The next example, isPalindrome, is a program deciding whether a given string is a palindrome. Similar to the previous case, specifications generated by Daikon (can be accessed here) failed to pass verification. As for Houdini, for the method isPalindrome as a whole, Houdini generated some trivial specifications about the nullness of the input string. For the loop within the method, Houdini generated some simple loop invariants about the numerical constraints on variable n, such as n >= 0. It is obvious that such specifications are too trivial to articulate the real behaviors of the program. In comparison, the specifications generated by SpecGen are much stronger. For the method isPalindrome, SpecGen succeeds in describing the definition of a palindrome string with a \forall statement and fully specifies the function of this method as a whole. For the loop within the method, SpecGen successfully describes with another \forall statement that part of the input string that has already been checked satisfies the definition of palindrome string. These specifications are equivalent to the ground truth, which is also shown in the figure below.
We are going to illustrate the limitations of LLMs through the following example, ComputeArea, which is intended to compute the area covered by two rectangles. Each rectangle is determined by the coordinates of their vertices on top right and bottom left. Although the program is loop-free, enormous variables and massive non-linear operations are involved, resulting in an excessive post-condition on line 6. LLMs can hardly sort out the proper specification due to their limited reasoning ability. Consequently, SpecGen cannot generate the correct specifications for this program in our experiment. It is not surprising that both Houdini and Daikon failed to generate specifications in this test case as well. Houdini crashes due to the massive amount of candidates generated, which is brought by the enormous number of variables. Daikon generates no specifications because its templates cannot cover specifications as complicated as such.
We are going to illustrate a type of program that cannot be effectively handled by SpecGen but can be handled by non-LLM approaches with the last example, ExSymExe28. The program is collected from the "jpf-regression" directory of the java category of the SV-COMP benchmark.
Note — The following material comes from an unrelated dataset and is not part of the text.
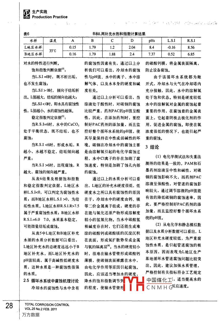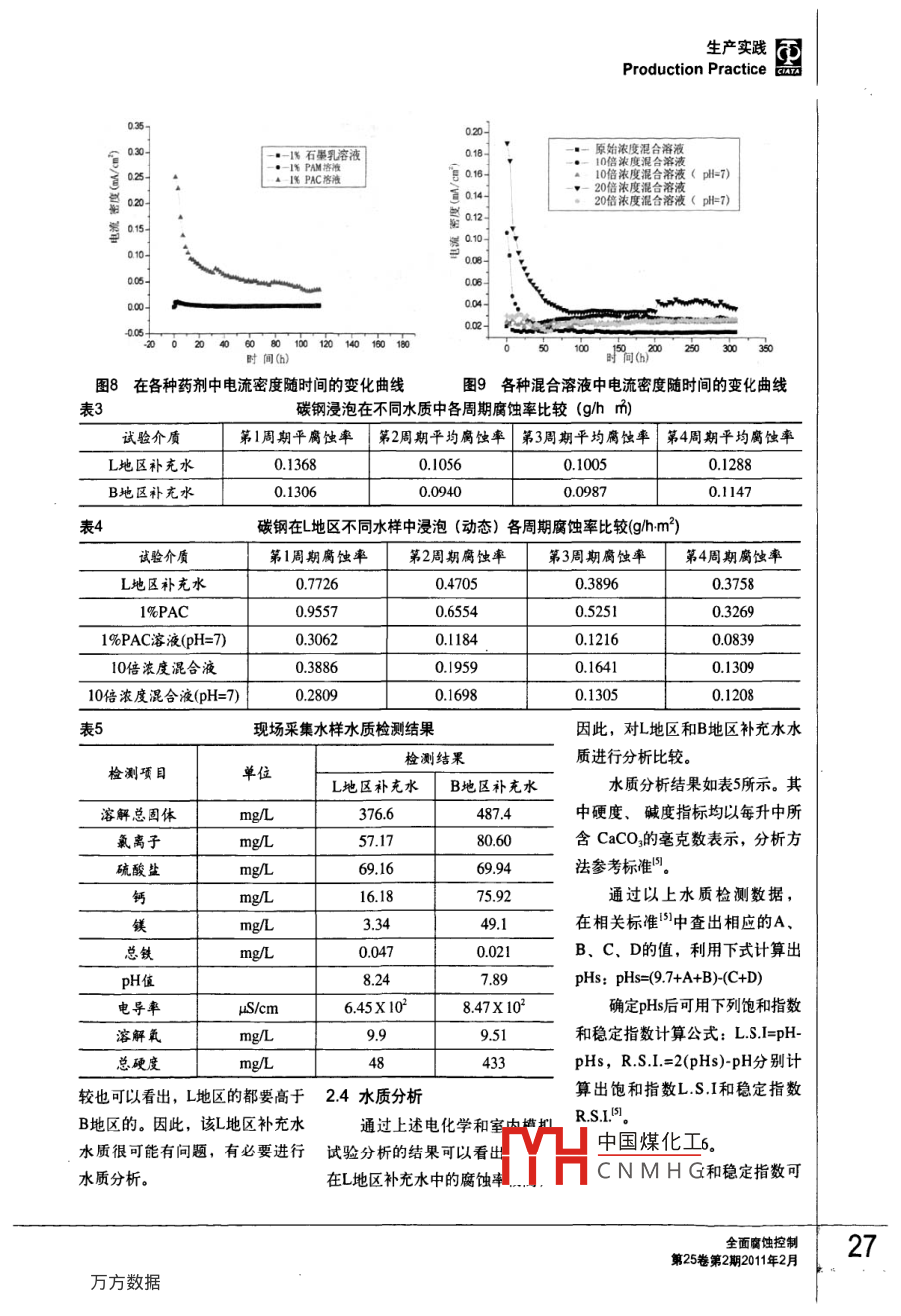 生產(chǎn)實(shí)踐Production Practice循環(huán)水管道腐蝕原因分析楊培燕′張繼恒2顧寶珊’李黎'董小冬2劉汝平2楊國賢2(1.中國鋼研科技集團(tuán)有服公司先進(jìn)金屬材料涂鍍國家工程實(shí)驗(yàn)室,北京100081;2.廊坊天海高壓容器有限公司,河北廊坊065000摘要:用室內(nèi)模擬實(shí)驗(yàn)、電化學(xué)實(shí)驗(yàn)、水質(zhì)分析、腐蝕產(chǎn)物的成分分析和XRD分析等方法,對某壓力容器廠碳鋼循環(huán)水管道腐蝕穿孔原因進(jìn)行了分析。結(jié)果表明:碳鋼在冷卻水中的腐蝕主要是由溶解氧引起的電化學(xué)腐蝕,腐蝕的主要原因是,該廠補(bǔ)充水源為嚴(yán)重腐蝕性水。關(guān)鍵詞:循環(huán)水系統(tǒng)腐蝕原因水質(zhì)分析腐蝕性水中圖分類號(hào):TG1725文獻(xiàn)標(biāo)識(shí)碼:A文章編號(hào):10087818(2011)020023-07Causes of Corrosion in the circulating Water SystemYANG Pei-yan, ZHANG Jiheng, GU Bao-shan, LILi, DONG Xiao-dong LIU RUHping YANG Guo-X(1. National Engineering Laboratory for Advanced Coatings Technology of Metal Material, China IronSteel Research Institute Group, Beijing 100081, China2. Lang Fang Tian Hai High Pressure Container Co, Ltd, Langfang 065000, China)Abstract: The causes of corrosion in the circulating water system at Langfang plant have been studiedby means of rotary coupon corrosion tests, linear polarization, water quality research, X-ray diffraction(XRD) and scanning electron microscope(SEM). The results demonstrated that the corrosion of steelcarbon in the circulating water system was caused mainly by the electrochemical corrosion of dissolvedoxygen in the water. The main reason of corrosion was that the added water in recycling circulating watersystems was the corrosive water.Key words: circulating water system; corrosion cause; water quality research; corrosive water0引言量也越來越高,循環(huán)水管道腐蝕年以上,沒有明顯腐蝕現(xiàn)象發(fā)生。問題逐漸突出。隨著我國水資源的日益貧由于B地區(qū)的補(bǔ)充水源為該乏,工廠對節(jié)約用水的意識(shí)也在某壓力容器有限公司是一家地區(qū)深井水,而L地區(qū)的補(bǔ)充水源逐漸增強(qiáng),因此,循環(huán)冷卻水成為生產(chǎn)高壓容器的廠家,該公司在B為該地區(qū)自來水,因此,本文通大部分工廠用水量的主要組成部地區(qū)和L地區(qū)有兩個(gè)生產(chǎn)基地,兩過對L地區(qū)的腐蝕管道進(jìn)行失效分分,工業(yè)冷卻水循環(huán)后,雖然大個(gè)生產(chǎn)基地的循環(huán)水管道材質(zhì)基本析,對B和L兩地區(qū)的水質(zhì)進(jìn)行分幅度地節(jié)約了用水量,但從技術(shù)相同,L地區(qū)的設(shè)備2008年初投入析,以及腐蝕試驗(yàn)對比,對管道使用,管道使用7個(gè)月,進(jìn)行維護(hù)腐蝕的原因和機(jī)理進(jìn)行了研究和和管理上對設(shè)備運(yùn)營提出更高的要求。特別是近年來隨著補(bǔ)充水檢修時(shí)發(fā)現(xiàn)循環(huán)水管路發(fā)生了較嚴(yán)探討,在此基礎(chǔ)上對今后如何減質(zhì)的逐年惡化,循環(huán)水中的雜質(zhì)含重的腐蝕,而B地區(qū)的設(shè)或防止此類腐蝕的發(fā)生提出了中國煤化工作者簡介:楊培燕(1978-),女,碩士,工程師,主要CNMH作全面腐蝕控制23第25卷第2期2011年2月生產(chǎn)實(shí)踐Production Practice建議公司提供的自來水或試驗(yàn)室去離旋轉(zhuǎn)速度大約40轉(zhuǎn)min,懸掛時(shí)1試驗(yàn)方法子水配制。三電極系統(tǒng)浸泡在試間分為四個(gè)周期,每個(gè)周期間隔驗(yàn)介質(zhì)中,電極與金屬腐蝕測試18天。1.1腐蝕產(chǎn)物分析儀的對應(yīng)接頭連接,并使用定時(shí)14水質(zhì)分析首先通過現(xiàn)場觀察以及現(xiàn)巡回?cái)?shù)據(jù)記錄儀打印記錄研究電循環(huán)水系統(tǒng)中,最可能出現(xiàn)場拆卸下來的腐蝕試樣的宏觀觀極的極化電流,通過測定極化電的問題就是結(jié)垢和腐蝕問題,因察,對管道的腐蝕程度以及形貌流的變化,確定極化阻率和腐蝕此,必須先對循環(huán)冷卻水水質(zhì)進(jìn)進(jìn)行初步了解,由于管內(nèi)璧油污速率。行分析,主要考慮pH值、鈣硬較嚴(yán)重,為便于進(jìn)一步清晰觀13室內(nèi)模擬試驗(yàn)度、總堿度、水溫、總?cè)芙夤腆w察,對某些管壁進(jìn)行了清洗。最用靜態(tài)掛片失重試驗(yàn)和動(dòng)態(tài)旋五個(gè)重要因素,判斷水質(zhì)的基本后選取較為典型的腐蝕部位,利轉(zhuǎn)掛片試驗(yàn)測定水樣的侵蝕性依據(jù)采用飽和指數(shù)LSI和穩(wěn)定指用掃描電子顯微鏡(SEM)對表試片為Q235-B的標(biāo)準(zhǔn)腐蝕試片數(shù)R.S,本研究主要研究了該公面腐蝕產(chǎn)物進(jìn)行微觀形貌觀察與(40mm×20m×3.5mm)。試司補(bǔ)充水的水質(zhì)能譜分析,取有代表性的腐蝕產(chǎn)驗(yàn)溫度為40℃±1℃,試驗(yàn)介質(zhì)為其中硬度、堿度指標(biāo)均以每物部位,采用XRay衍射儀(XRD)在L地區(qū)和B地區(qū)現(xiàn)場采集水樣及升中所含CaCO的毫克數(shù)表示進(jìn)行定性分析模擬現(xiàn)場情況,根據(jù)研究需要實(shí)分析方法參考標(biāo)準(zhǔn)。12電化學(xué)試驗(yàn)驗(yàn)室所配制的溶液。采用同種材料三電極體系進(jìn)2試驗(yàn)結(jié)果與討論靜態(tài)模擬試驗(yàn):試驗(yàn)時(shí)毎個(gè)行線性極化,用自凝牙托粉封裝容器內(nèi)掛三個(gè)試片,計(jì)算平均腐21腐蝕產(chǎn)物分析碳鋼試片暴露面積為1.0cm,蝕率,常壓開口條件;懸掛時(shí)間選取較為典型

Programs in the directory feature several if-else branches, but with some "fake" branches that have no actual effect on the output. For example, in ExSymExe28 shown below, there are two if-else branches, with the second being a "fake" branch that affects neither variable values nor the return value. Through our experiment, we speculate that LLMs can frequently be confused by these fake branches, consequently generating incorrect specifications. As shown below, the result of SpecGen indicates that the LLM took the second branch into account, where it shouldn't. In comparison, traditional approaches like Daikon handled the program successfully since they cannot be confused by such tricks, and the actual variable relations involved are not complicated.